A whole lot of things have to be done at the same time. We have to cast off the debilitating sedimentation of narrow-mindedness, lazy habits of quick thinking, half-truths, short-cuts and easy conclusions. We must strive to find ways of digging deep into our imaginative resources, our collective strength and come up with apt ways of conducting our affairs. Human activity consists of action and reflection. We must find ways of using our imagination in search for openings without which our lives narrow and pathways become cul-de-sacs. It pays to search for life and not flee from it.

The changing conditions posit new complications that in turn define new projects. It is our duty, Dear Reader, to actively participate in the making, orchestration and sharing of new knowledge that speaks to the demands of the current situation. We have to, at once, carry out the work of relief, that of healing, that of projection and fostering hope. We have to help forge new modes of thoughts, reinvent traditions, adopt fresh vocabularies, more melodic and lyrical ways of speaking, more profound ways of thinking and more humane ways of conduct, more spaghetti junctions of communication, more workshops and rehearsals of inventive insights as we reconstruct our structures and relationships.

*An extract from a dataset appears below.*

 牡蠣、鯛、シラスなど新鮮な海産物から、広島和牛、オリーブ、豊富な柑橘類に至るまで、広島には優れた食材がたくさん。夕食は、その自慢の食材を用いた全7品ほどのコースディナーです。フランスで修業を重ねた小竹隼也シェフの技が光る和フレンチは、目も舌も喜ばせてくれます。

Please do bear in mind, Dear Reader, that it is the vagaries of everyday life that induce us serve as advocates of a more just and humane social order. We must strive to imagine the world differently. As different individuals and different groups with different interests and outlooks, we must rethink what we might do. What actions do we take? Under what conditions and in whose interests? The work of re-thinking our institutions, belief systems and our strategies must be done, we must identify what works and what does not fly. Our task is to take careful note of the flows and ebbs of everyday life and figure out techniques of paving way for a more aggregable state of affairs around more democratic values.

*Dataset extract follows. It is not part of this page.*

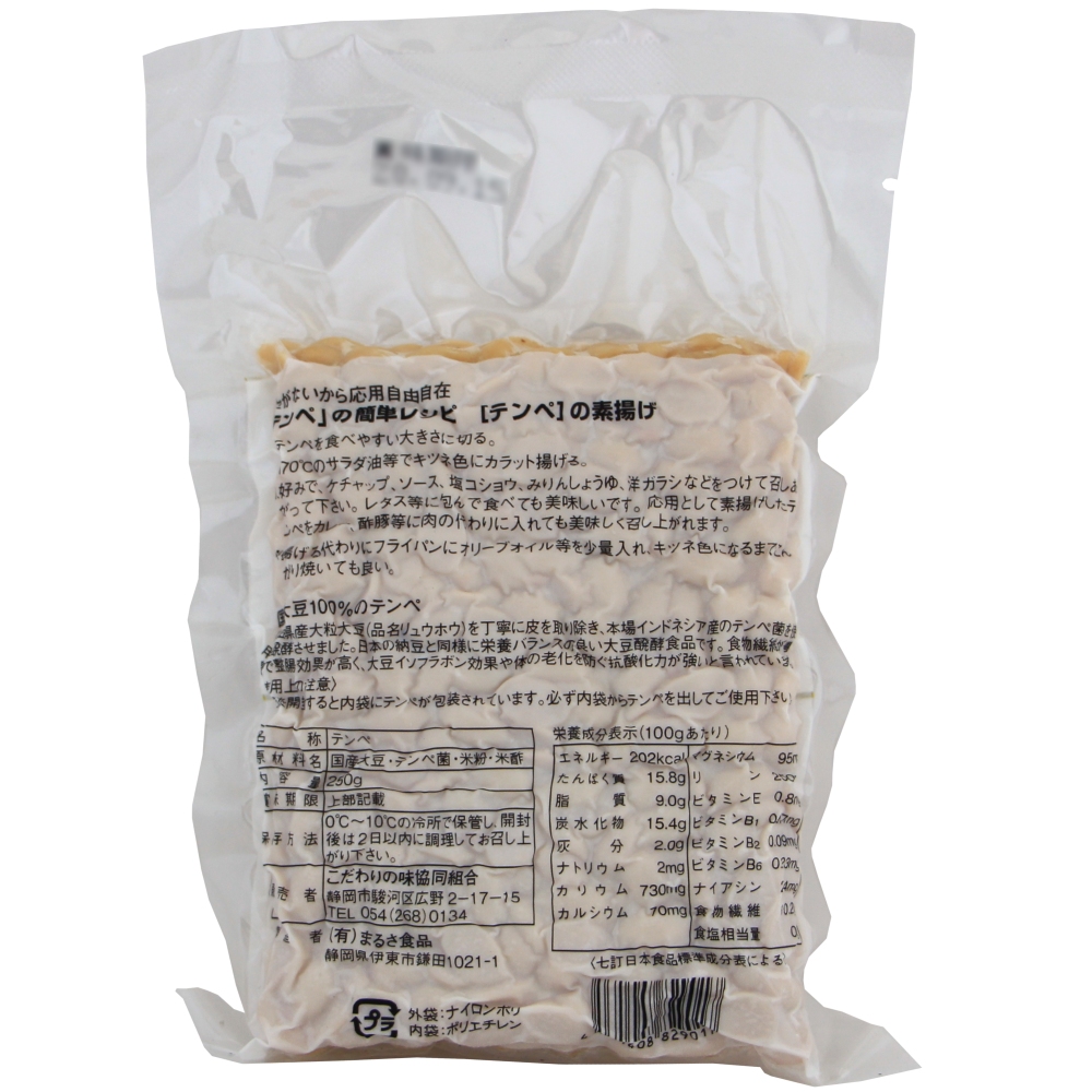 | 原材料 | 丸大豆(秋田リュウホウ大粒大豆)、テンペ菌、(製造工程の一部で米粉・米酢を使用) |

Dear Reader, the situation demands that we enhance our conceptual capacities and cultivate habits of alertness. We must learn how to read the world around us, read the world in our best interests. Read between the lines and across the grain. Read with our minds switched on. We must learn a great deal of things. We must enhance our capacity to evaluate ideas and information. We must acquire skills and tactics of forming opinions, interpreting things, formulating, expressing views and expounding on issues.

We must train ourselves to explain the intricacies of life with clarity and sensitivity.  We must take time to study the examples and acumens of our forebears. We must figure out ways of applying lessons of experience when addressing novel difficulties.

We must school ourselves in spotting opportunities. As we learn how to make sense of the hazardous situation that we find ourselves in, we must work to cultivate hope and forge new languages of possibility. The purpose of this piece of communication is not to overwhelm the readers with prescriptions, but to remind them to sing their own songs.